● EXERCISE INSTRUCTIONS:
Produce a verbatim transcript of the entries below, excluding pictures.
══════════
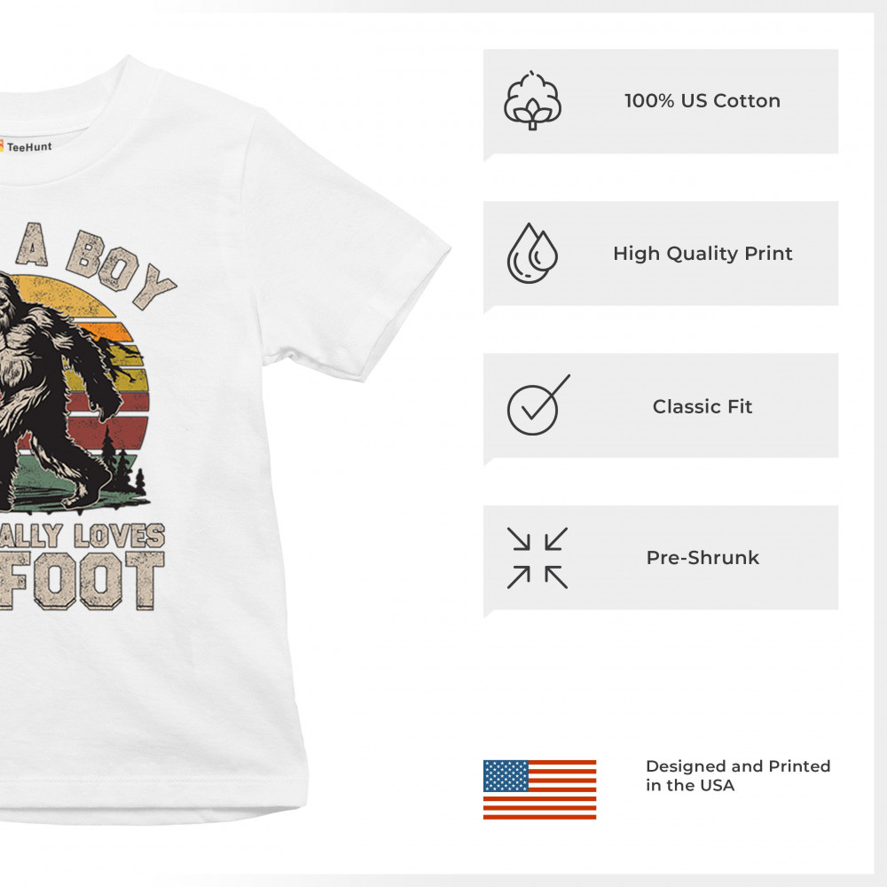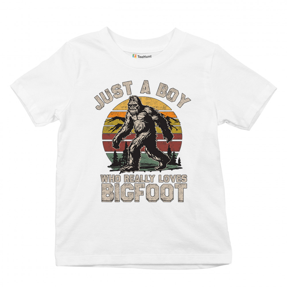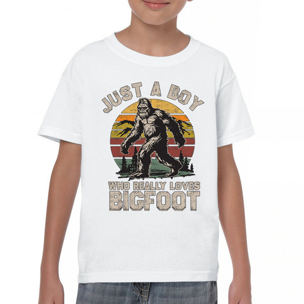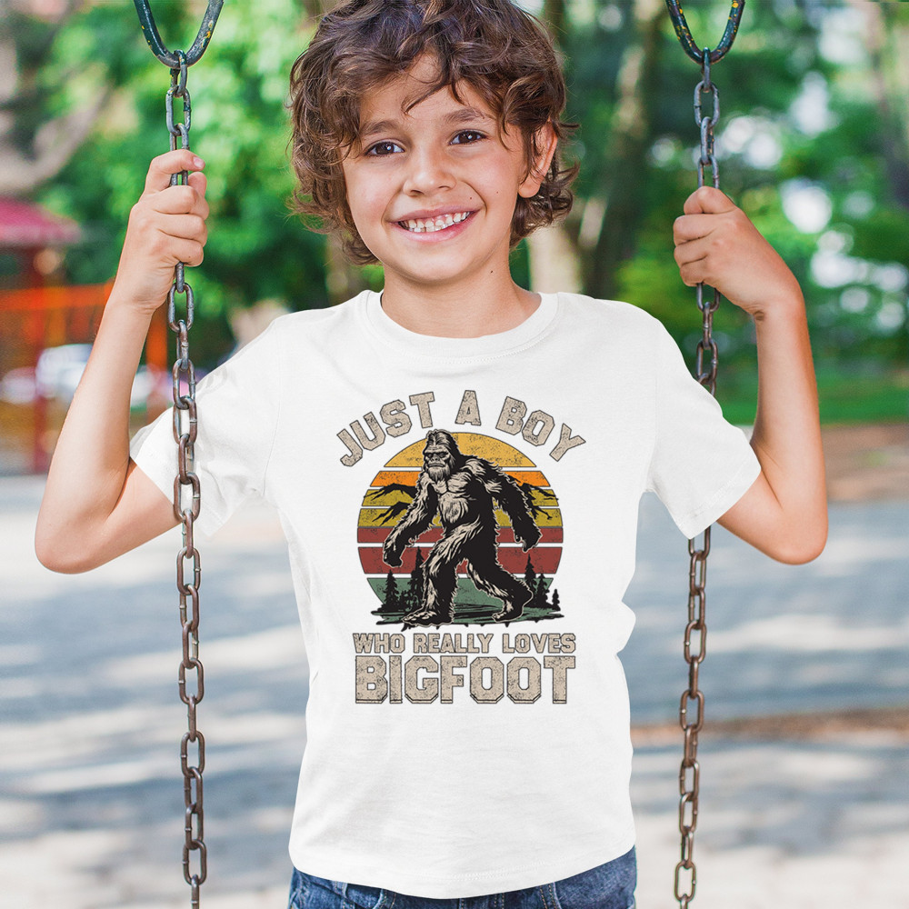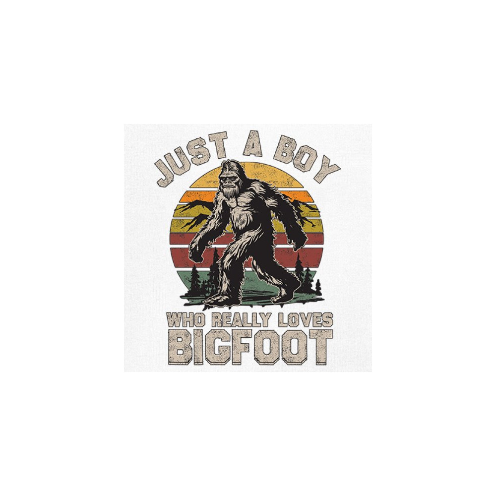 Celebrate Bigfoot love with this retro "Just a Boy Who Really Loves Bigfoot" design—perfect for cryptid fans and outdoor adventurers alike!
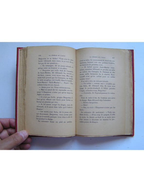 Poème épique en vingt contes. (Waterloo) ˮEt, tristement, leur echo traversa la plaine où gisaient les hommes, les étendards, les affûts, les Aigles, s'atténua au loin dans les dernières pourpres d'un soleil qui se couchait, puis mourut, - comme tout meurt. C'était le glas de l'Empire.ˮ D'Esparbès est aussi l'auteur d'un excellent livre sur (l'épopée de) la Légion Etranère. Edition (Sans date,de 1924? la première est de 1893) établie dans une reliure amateur pleine basanne rouge, dos à quatre nerfs avec titre, auteur, nom propriétaire et motifs or, en bon état (coins et plats légèrement frottés). Intérieur bien propre (pages légèrement jaunies).
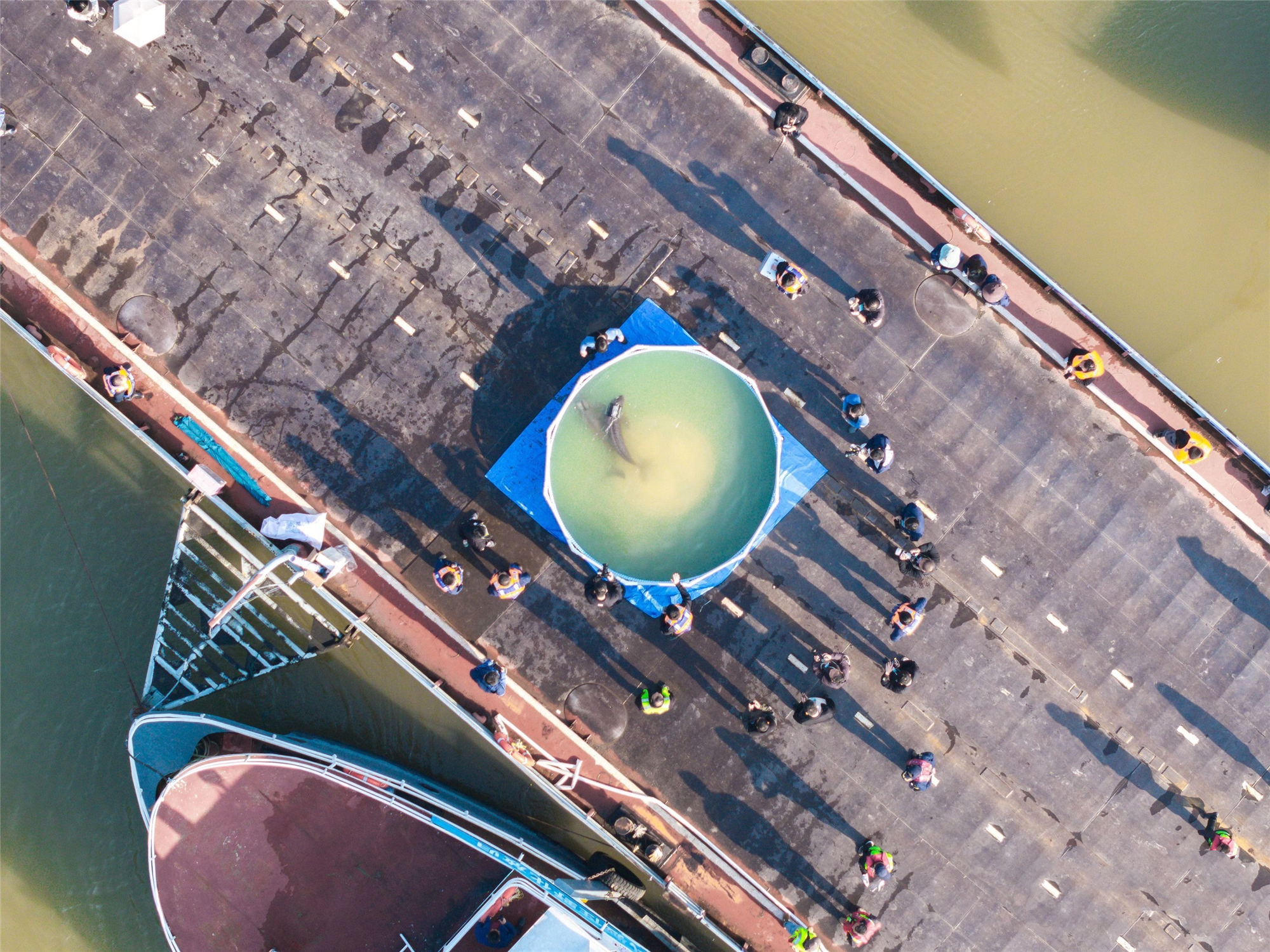 兩只長(zhǎng)江江豚回歸長(zhǎng)江前,在駁船上的“舒緩池”中游弋
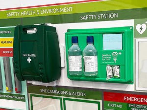 Green is universally linked with first aid and emergency care. First aid boxes, eyewash stations, and defibrillators use green so that people can find them quickly. Clear, well-positioned signage ensures staff know exactly where to go for help. By maintaining visible and well-managed first aid points, organisations create a proactive culture of care and safety.
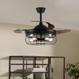 Black Cage Style Ceiling Fan with Lights
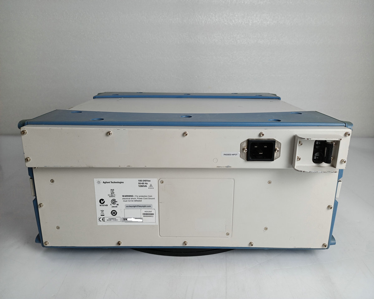 The instrument module slots are arranged horizontally to minimize rack space. This arrangement, combined with a high-performance cooling system, allows the chassis to fit in only 4U of rack space. The M9505A is also designed to be easy to maintain, as both the power and fan brackets can be removed while the case is left in the rack.
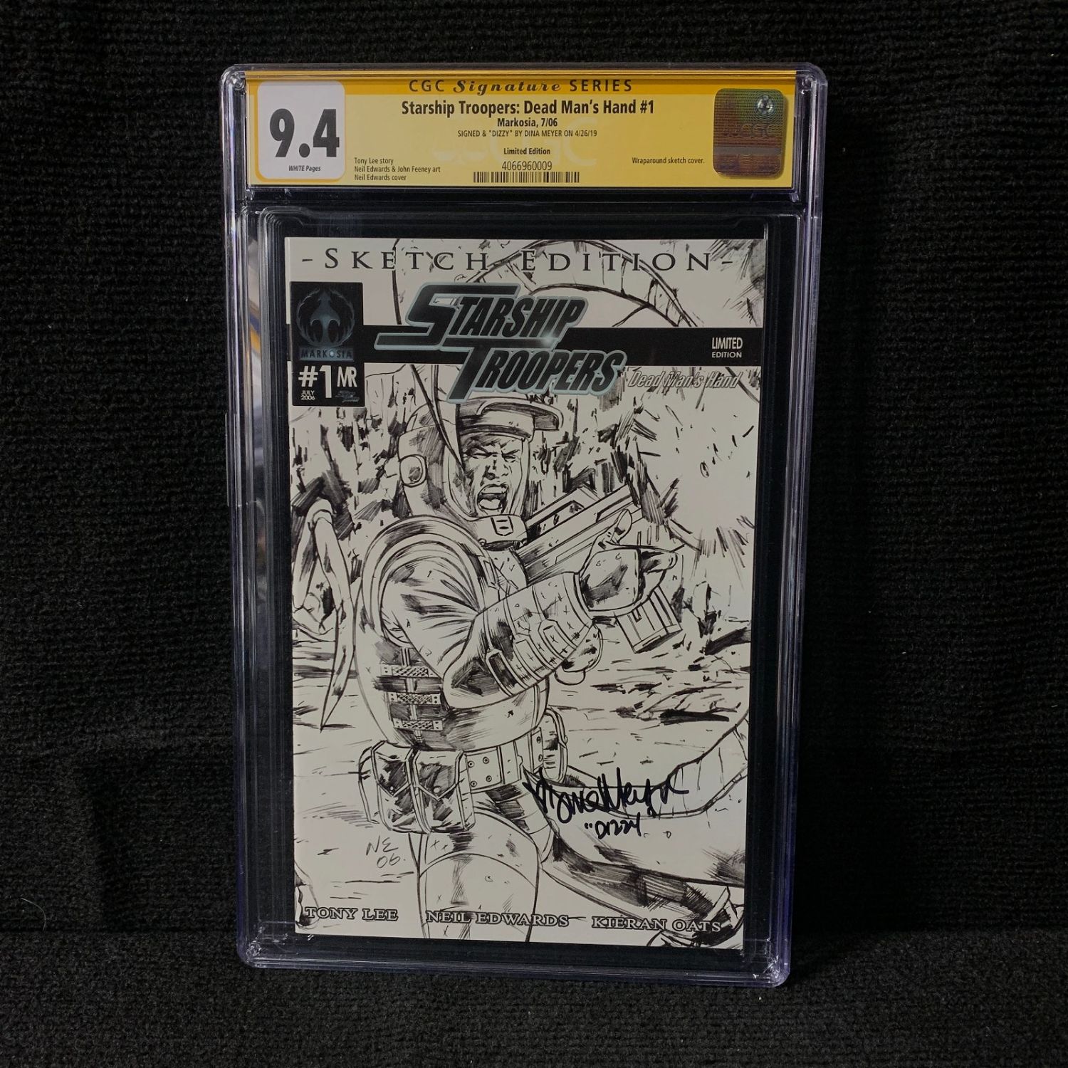 CGC 9.4 Starship Troopers: Dead Man’s Hand #1 Signature Series. Signed and "Dizzy" by Dina Meyer. Wraparound sketch cover. Limited Edition. We are a veteran owned company. Please look at the pictures carefully to determine what you believe the condition of collecitible is. We are currently accepting consignments. Email us a [email protected] or visit our website, www.ahauctionhouse.com.
══════════
● ANSWER TO THIS TASK:
 Celebrate Bigfoot love with this retro "Just a Boy Who Really Loves Bigfoot" design—perfect for cryptid fans and outdoor adventurers alike!
 Poème épique en vingt contes. (Waterloo) ˮEt, tristement, leur echo traversa la plaine où gisaient les hommes, les étendards, les affûts, les Aigles, s'atténua au loin dans les dernières pourpres d'un soleil qui se couchait, puis mourut, - comme tout meurt. C'était le glas de l'Empire.ˮ D'Esparbès est aussi l'auteur d'un excellent livre sur (l'épopée de) la Légion Etranère. Edition (Sans date,de 1924? la première est de 1893) établie dans une reliure amateur pleine basanne rouge, dos à quatre nerfs avec titre, auteur, nom propriétaire et motifs or, en bon état (coins et plats légèrement frottés). Intérieur bien propre (pages légèrement jaunies).
 兩只長(zhǎng)江江豚回歸長(zhǎng)江前,在駁船上的“舒緩池”中游弋
 Green is universally linked with first aid and emergency care. First aid boxes, eyewash stations, and defibrillators use green so that people can find them quickly. Clear, well-positioned signage ensures staff know exactly where to go for help. By maintaining visible and well-managed first aid points, organisations create a proactive culture of care and safety.
 Black Cage Style Ceiling Fan with Lights
 The instrument module slots are arranged horizontally to minimize rack space. This arrangement, combined with a high-performance cooling system, allows the chassis to fit in only 4U of rack space. The M9505A is also designed to be easy to maintain, as both the power and fan brackets can be removed while the case is left in the rack.
 CGC 9.4 Starship Troopers: Dead Man’s Hand #1 Signature Series. Signed and "Dizzy" by Dina Meyer. Wraparound sketch cover. Limited Edition. We are a veteran owned company. Please look at the pictures carefully to determine what you believe the condition of collecitible is. We are currently accepting consignments. Email us a [email protected] or visit our website, www.ahauctionhouse.com.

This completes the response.